Thanks again - I get discharged Tuesday, so maybe Wednesday I'll post more frequently.


----------



## Guest (Jan 11, 2009)

My wife said enjoy the Demerol while you can!


----------



## MCADPD24 (Nov 7, 2008)

Congratulations, Welcome to the world Jake.


----------



## JMB1977 (Nov 24, 2007)

Congrats Kate!! Best wishes to and your family!


----------



## Killjoy (Jun 23, 2003)

Congratulations Kate and family! Welcome to the world, Jake!


----------



## Michele (Aug 30, 2007)

*Congratulations Kate and family!! *


----------



## Barbrady (Aug 5, 2004)

Congrats!!!:t:


----------



## justanotherparatrooper (Aug 27, 2006)

Hows mom and son doing?


----------



## StbbrnMedic (Nov 28, 2008)

I'm dying to see pictures


----------



## kttref (Oct 5, 2004)

Ok..so we've been home since Tuesday...but damn he needs a lot of attention! It's a lot of work, but after all the bitching, I'd do it all over again. You guys will just have to put up with it again hahahahahaha  Life's a bitch isn't it!

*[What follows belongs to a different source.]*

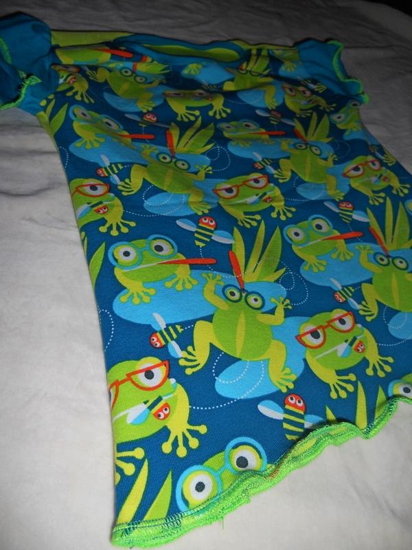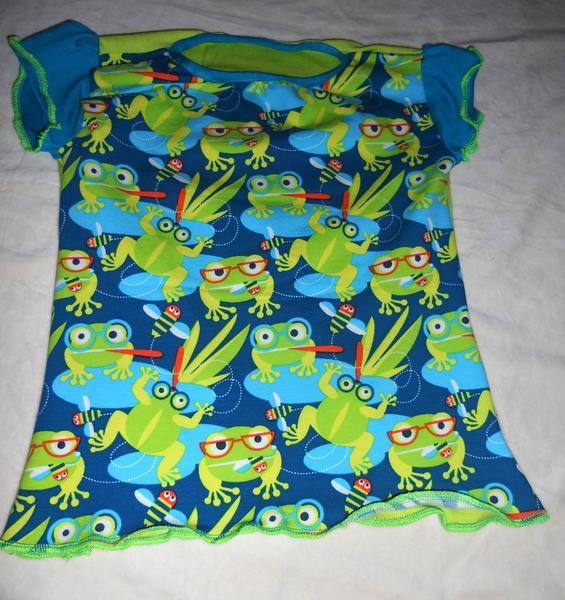 Tak já dneska střihla do bambusu, je úžasný, manželovi jsem ušila pýžo, není na tom nic moc k focení 😀 ale Bětušce jsem ušila tričko, když v úterý přišly úplety z lille hrozně se jí líbily žáby, dneska jsem si dovezla bambus a úžasně k nim sedí smaragd i zelená, jsou fakt nádherný 🙂 a triko je skvělý, není na něm nic složitýho, ale je pro tu mou nemocnou šmudlu, snad jí brzy pustí 😵
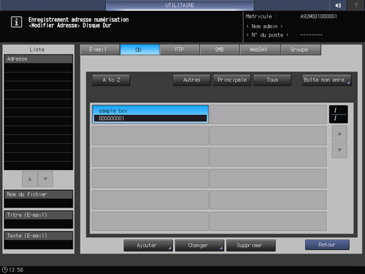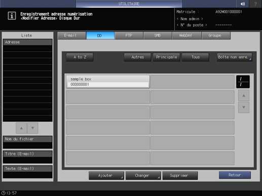 condition préalableVous pouvez enregistrer 150 destinations sur disque dur (boîtes utilisateur) max.

I promise to check in when I can...but my time is few and far between...and I still have 10 pages of a 35 page paper to write in the next 2 weeks!


----------



## RodneyFarva (Jan 18, 2007)

Just glad to see you and your new one are doing well.


----------



## StbbrnMedic (Nov 28, 2008)

lol Welcome to the real fun.
No one tells ya, when you're begging for the pregnancy to be done, about the endless sleepless nights, the cracked nipples, and the little attention whore you love dearly and call your child.

Enjoy it because somewhere down the road you will actually miss it!! lol


----------



## NewEngland2007 (Dec 31, 2005)

Glad to hear you're doing well!


----------



## lpwpd722 (Jun 13, 2006)

Congratulations...good name, I have a son named Jacob.


----------



## fra444 (Nov 23, 2008)

StbbrnMedic said:


> the cracked nipples,


There ya go again! Carcked nipples this, cracked nipples that!

Oh and way to go Kate! Thrilled to hear your both doing well! Just watch out for those cracked nipples!


----------



## Gil (Jun 15, 1998)

Congratulations Kate!


----------



## kttref (Oct 5, 2004)

Thankfully no cracked nipples yet...


Thanks for checking in Gil! You were the last person I expecting to hear anything from right now


----------



## Guest (Jan 21, 2009)

kttref said:


> Thankfully no cracked nipples yet...


TMI!! TMI!! lalalalalalalalalalalalalala


----------